Subject: Re: kernel: alignment fault trap on sparc
To: Eduardo Horvath <eeh@netbsd.org>
From: Manuel Bouyer <bouyer@antioche.eu.org>
List: tech-kern
Date: 06/07/2004 22:38:18
On Mon, Jun 07, 2004 at 06:26:38PM +0000, Eduardo Horvath wrote:
> >
> > How can I do that ??I didn't find anything in ddb to do disassembly, but I
> > probably missed something.
>
> x/i
>
> (Or man ddb.)
Ok, I knew I missed something.
>
> > > Otherwise, it could be that the instruction in the instruction cache does not
> > > match the contents in memory,
> >
> > Software bug ? we have had cache issues on sun4c in the past ...
>
> Could be cache coherency issues.
Yes. But the fault address don't seem to be on a cache line boundary.
However, it's at a function call.
BTW, when I get
trap type 0x7: pc=0xf01c4090 npc=0xf01c4094
pc is the address of the instruction which caused the trap, right ?

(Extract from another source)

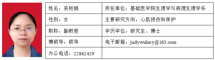吴枝娟,女,1979年9月出生,中共党员,医学博士。2004年参加工作,快猫视频 药理学专业博士。研究方向为心肌损伤及保护。近五年发表SCI论文4篇,曾获福建省自然科学优秀学位论文三等奖、校青年教师讲课比赛一等奖、中华医学会优秀教育成果二等奖。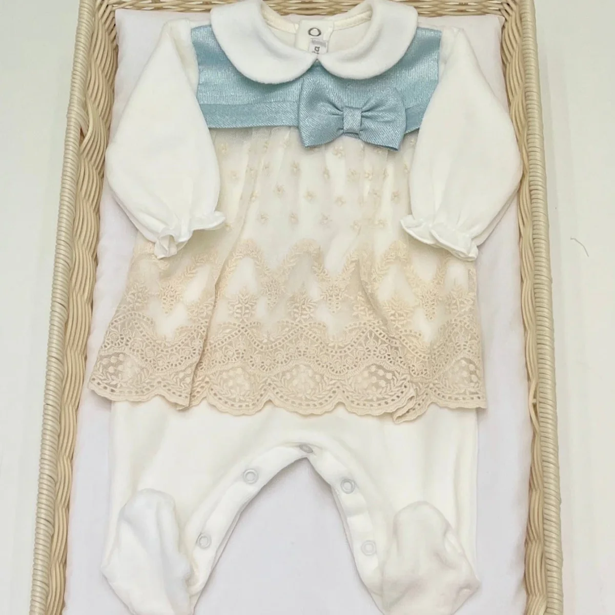 Una graziosa tutina in ciniglia, caratterizzata da una delicata balza sovrapposta in tulle e pizzo che crea un effetto vaporoso e romantico. Sul petto, una fascia in lurex verde acqua aggiunge un tocco luminoso, impreziosita da un piccolo fiocco centrale che completa l’insieme con eleganza. Perfetta per donare un look speciale e raffinato al tuo neonato.

This is the second instruction of uvmfault_anonget:
db> x/i 0xf01c408c
netbsd:uvmfault_anonget: save %sp, -0x70, %sp
db>
netbsd:uvmfault_anonget+0x4: sethi %hi(0xf02e3000), %l6
db>
netbsd:uvmfault_anonget+0x8: or %l6, 0x2c, %g1
db>
netbsd:uvmfault_anonget+0xc: ld [%g1 + 0x10c], %g2
db>
netbsd:uvmfault_anonget+0x10: or %g0, %i0, %l2
db>
netbsd:uvmfault_anonget+0x14: add %g2, 0x1, %g2
db>
netbsd:uvmfault_anonget+0x18: st %g2, [%g1 + 0x10c]
The cache boundary may not be relevant: we jump from uvm_fault(), so
we could have a cache issue anyway.
Or the pc is off by one instruction when the trap occurs,
and it's the save which cause the trap.
I hope there's a way to look at the registers content when in ddb.
What does save %sp, -0x70, %sp do ?
The call to uvmfault_anonget() is:
uvmfault_anonget(&ufi, amap, anon)
>
> > > or your CPU is getting old and flakey. I've seen
> > > this happen a lot with old machines.
> >
> > I didn't have much problems with sparc yet. And this box started doing this
> > right after the upgrade, it was solid under 1.6.2.
>
> Could be a coincidence that the hardware broke at around the same time you
> updated the software. I've seen that happen on occasion.
>
> In any case, you need a proper crashdump analysis.
Unfortunably I'm not familiar with assembly, and I couldn't get a dump to disk
yet.
--
Manuel Bouyer <bouyer@antioche.eu.org>
NetBSD: 26 ans d'experience feront toujours la difference
--